[Stored dataset items]
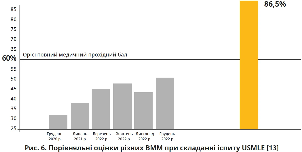 Відносно нещодавно з’явилася інша ВММ – Med-PaLM від Google. На відміну від GPT-4, Med-PaLM створювалася на базі сімейства базових моделей MedLM, які від самого початку розроблялися саме для використання в галузі охорони здоров’я. На цей час Med-PaLM є першою та поки що єдиною системою ШІ, яка перевищила прохідний бал (>60%) при проходженні медичного ліцензійного іспиту США (USMLE) [13]. Зазвичай запитання в стилі USMLE являють собою опис клінічної ситуації з наданням скарг пацієнта, результатів аналізів та інструментальних досліджень, на підставі яких потрібно встановити ймовірний діагноз, призначити необхідні додаткові дослідження та лікування. Med-PaLM стала першою системою ШІ, яка успішно склала іспит USMLE й отримала прохідний бал 67,6%, оновлена версія Med-PaLM 2 покращила цей показник і здобула оцінку 86,5% (рис. 6) [13].
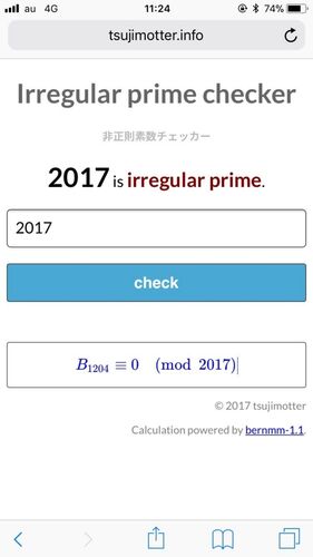 今年は西暦 2017 年ですが,2017 は素数 ということで各所で盛り上がったことと思います。実は,2017は単に素数なだけではなく,非正則素数 という重要な素数でもあるのです。今日はそのことを紹介します。概要: さっき発見したんですが 2017 は 123 番目の…
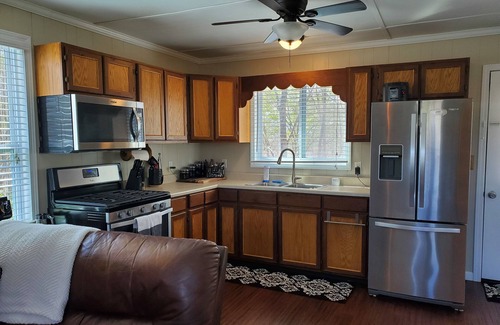 When you enter the Relaxation Station you will find a light and airy open floor plan. The home is about 1000 sq ft with the living room, dining room, kitchen, and bathroom/laundry room located on the first floor. Everything is freshly painted and new flooring has been installed. All the appliances are new and the kitchen should have everything you would need to feel at home. We do have a coffee bar that is stocked with a few limited flavored K-cups or you are welcome to bring your own.
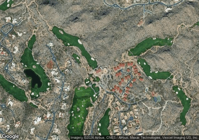 Private desert layout in Oro Valley, AZ, carved through Sonoran terrain with dramatic elevation changes and rocky canyon features throughout. Membership required.
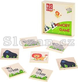 Oblíbená dětská hra pexeso, s obrázky zvířátek, v dřevěném provedení, v praktickém, uzavíratelném dřevěném boxu.
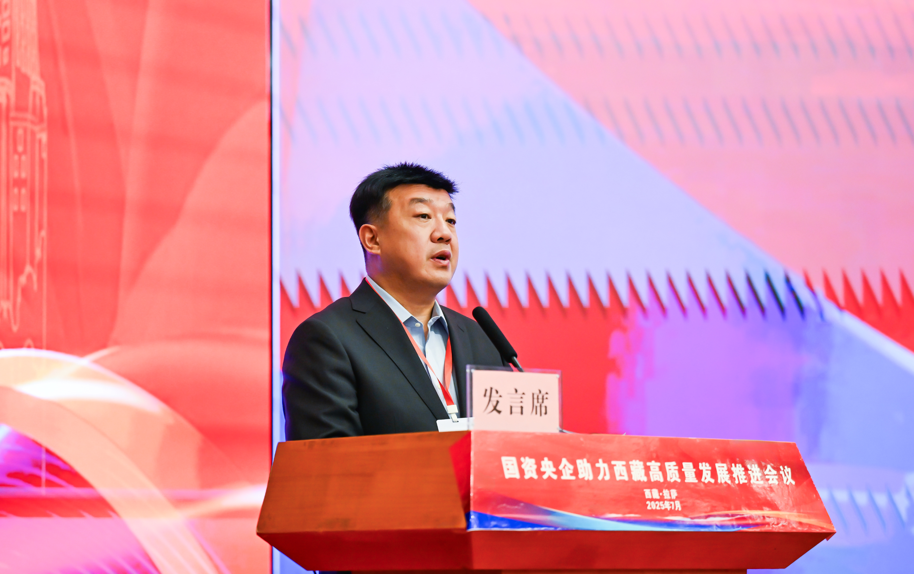 中國大唐集團有限公司黨組書記、董事長呂軍出席會議并作交流發言,代表中國大唐與西藏自治區人民政府簽署合作協議。
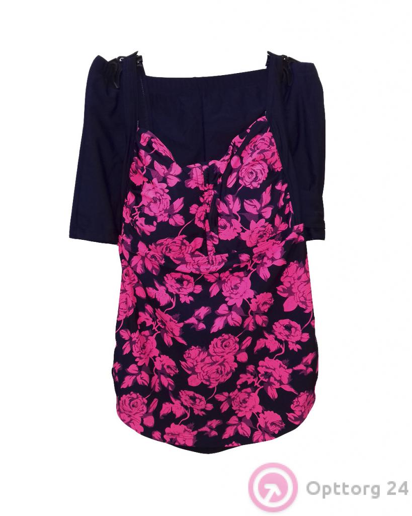 Купальник с удлиненной майкой и шортиками. Модель на бретельках, шортики однотонные, майка с принтом.
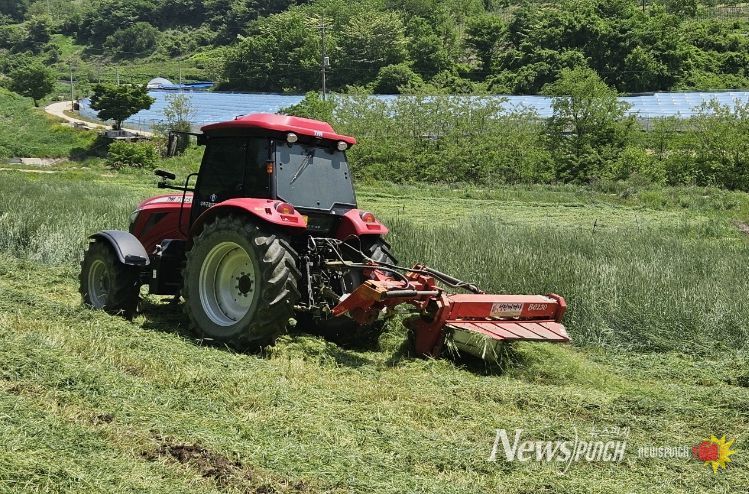 뉴스펀치 정홍균 기자 | 무주군이 농번기를 맞아 '농작업 대행 서비스' 제공에 주력하고 있다. 무주군에 따르면 트랙터, 자주형 베일러 등 12종 48대를 활용해 하우스 정지 등 농업 현장의 필수 작업을 대행하고 있다.
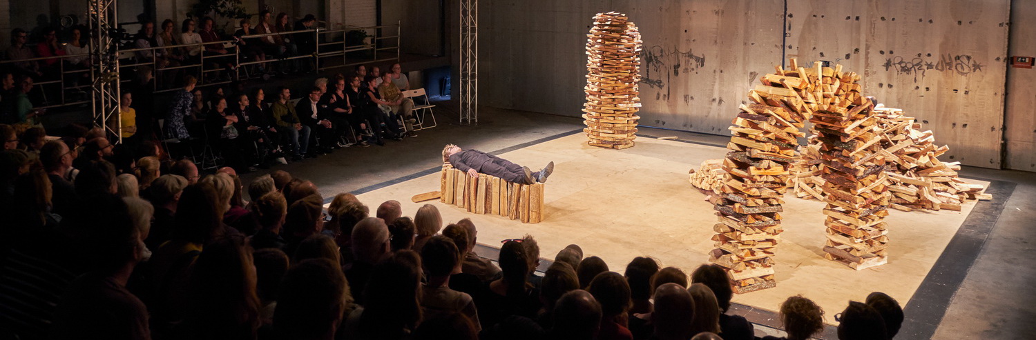 Auf der Bühne vier kunstvoll gestaltete Aufbauten von Holzscheiten im grellweißen Licht, das unverändert bleibt. Erst auf den zweiten Blick sind in den Gebilden Männer zu erkennen. Julian Blight, Mathieu Delangle, Valentin Pythoud und Claudio Stellato beginnen, die Kunstwerke von innen heraus zu dekonstruieren. Die Holzscheite zerfallen zu Haufen, werden immer wieder verschoben, neue Konstruktionen werden begonnen, die nicht zum Ende kommen. Eine schweißtreibende Angelegenheit, von der Angst getrieben, wohin sich die Holzscheite bewegen. Der unvorstellbare Umgang mit Holz wird gezeigt. Jeder, der schon mal mit Holz gearbeitet hat, weiß, welche Gefahren, welches Ungemach damit verbunden sind. Hier sieht das alles nach Selbstverständlichkeiten körperlicher Schwerstarbeit aus.
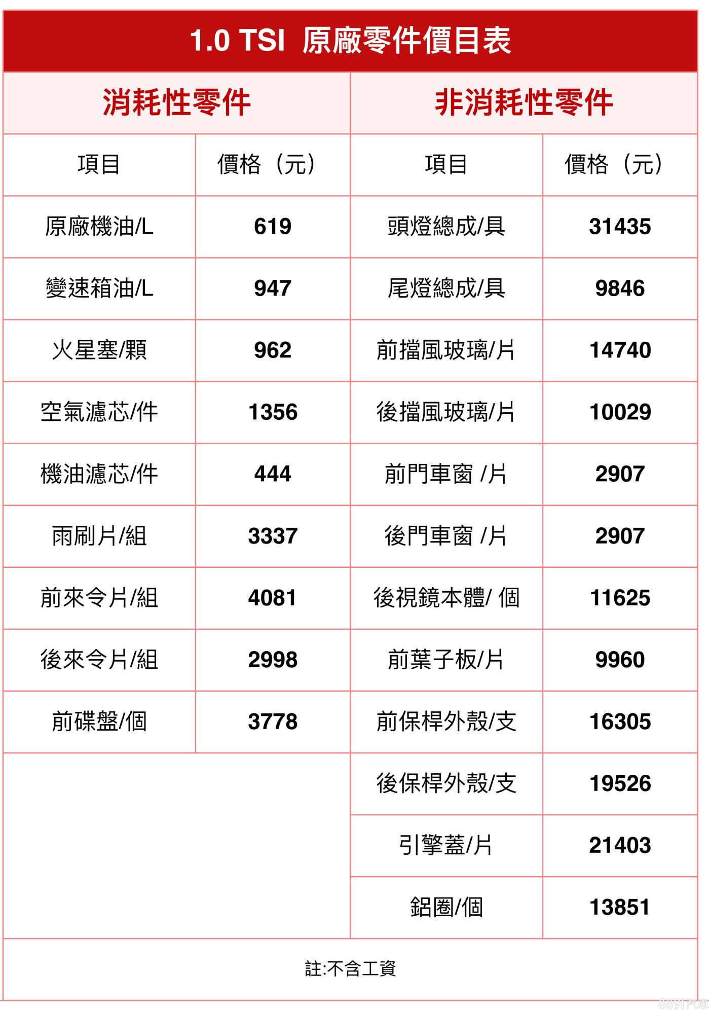 已消耗性零件來看,價格多數都屬合理範圍,僅有雨刷一組3337稍貴一些,車主可自行評估外廠品牌比較更換。

__WHAT YOU WILL DO__
Write out again exactly the lines from the start of the data above through the line containing "中國大唐集團有限公司黨組書記", inclusive, excluding any pictures.

__WRITTEN ANSWER__
 Відносно нещодавно з’явилася інша ВММ – Med-PaLM від Google. На відміну від GPT-4, Med-PaLM створювалася на базі сімейства базових моделей MedLM, які від самого початку розроблялися саме для використання в галузі охорони здоров’я. На цей час Med-PaLM є першою та поки що єдиною системою ШІ, яка перевищила прохідний бал (>60%) при проходженні медичного ліцензійного іспиту США (USMLE) [13]. Зазвичай запитання в стилі USMLE являють собою опис клінічної ситуації з наданням скарг пацієнта, результатів аналізів та інструментальних досліджень, на підставі яких потрібно встановити ймовірний діагноз, призначити необхідні додаткові дослідження та лікування. Med-PaLM стала першою системою ШІ, яка успішно склала іспит USMLE й отримала прохідний бал 67,6%, оновлена версія Med-PaLM 2 покращила цей показник і здобула оцінку 86,5% (рис. 6) [13].
 今年は西暦 2017 年ですが,2017 は素数 ということで各所で盛り上がったことと思います。実は,2017は単に素数なだけではなく,非正則素数 という重要な素数でもあるのです。今日はそのことを紹介します。概要: さっき発見したんですが 2017 は 123 番目の…
 When you enter the Relaxation Station you will find a light and airy open floor plan. The home is about 1000 sq ft with the living room, dining room, kitchen, and bathroom/laundry room located on the first floor. Everything is freshly painted and new flooring has been installed. All the appliances are new and the kitchen should have everything you would need to feel at home. We do have a coffee bar that is stocked with a few limited flavored K-cups or you are welcome to bring your own.
 Private desert layout in Oro Valley, AZ, carved through Sonoran terrain with dramatic elevation changes and rocky canyon features throughout. Membership required.
 Oblíbená dětská hra pexeso, s obrázky zvířátek, v dřevěném provedení, v praktickém, uzavíratelném dřevěném boxu.
 中國大唐集團有限公司黨組書記、董事長呂軍出席會議并作交流發言,代表中國大唐與西藏自治區人民政府簽署合作協議。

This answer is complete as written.